「そんなのやるわけないじゃない!」
大澤氏が理事長を務める社会福祉法人・明光会に電話をかけ、職員に趣旨を伝えると、「少々お待ちください」と保留音に。数分後、電話口に現れたのは、大澤氏本人だった。
––––19年度、知事を退任される直前に大規模修繕事業の予算を増額されています。
「覚えていませんよ。現場の仕事に、私はタッチしてなかったですから」
––––ご自身の運営施設に補助金が優先的に回るよう働きかけたことはありますか?
「そんなのやるわけないじゃない! 福祉施設なんて、群馬県にいっぱいあるんだよ。それを特別に、私のところに補助金をつけるなんてこと……部長連中も職員連中もみんないるわけですよ。それを上からトップダウンで下ろすなんてこと、間違ってもできるわけないじゃない。

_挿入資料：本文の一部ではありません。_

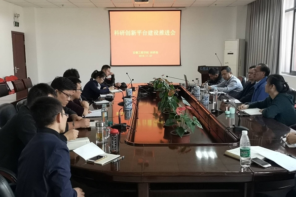 11月7日下午,学校科研创新平台建设推进会议在图书馆五楼会议室举行。副校长张世伟出席会议,各二级学院(部、中心)科研负责人、科研处等相关人员参加会议。会议由科研处处长罗忠主持。

常識で考えてくださいよ。そんなことには、いっさい携わっていません。信念をもって、そう言えますよ」
大澤氏は強い口調ですべてを否定した。
だが、冒頭で取材に応じた施設長は、「補助金が一部の人に私物化されているのではないかと正直思ってしまいます」と複雑な胸の内を明かし、最後にこう言った。
「入居者さんには、雨漏りのない、冬はもっと暖かい部屋で過ごしてほしい。だから、今年も補助金の申請を出すつもりです」
疑念の入り込む余地のない、公平で開かれた補助金事業の運用が望まれている。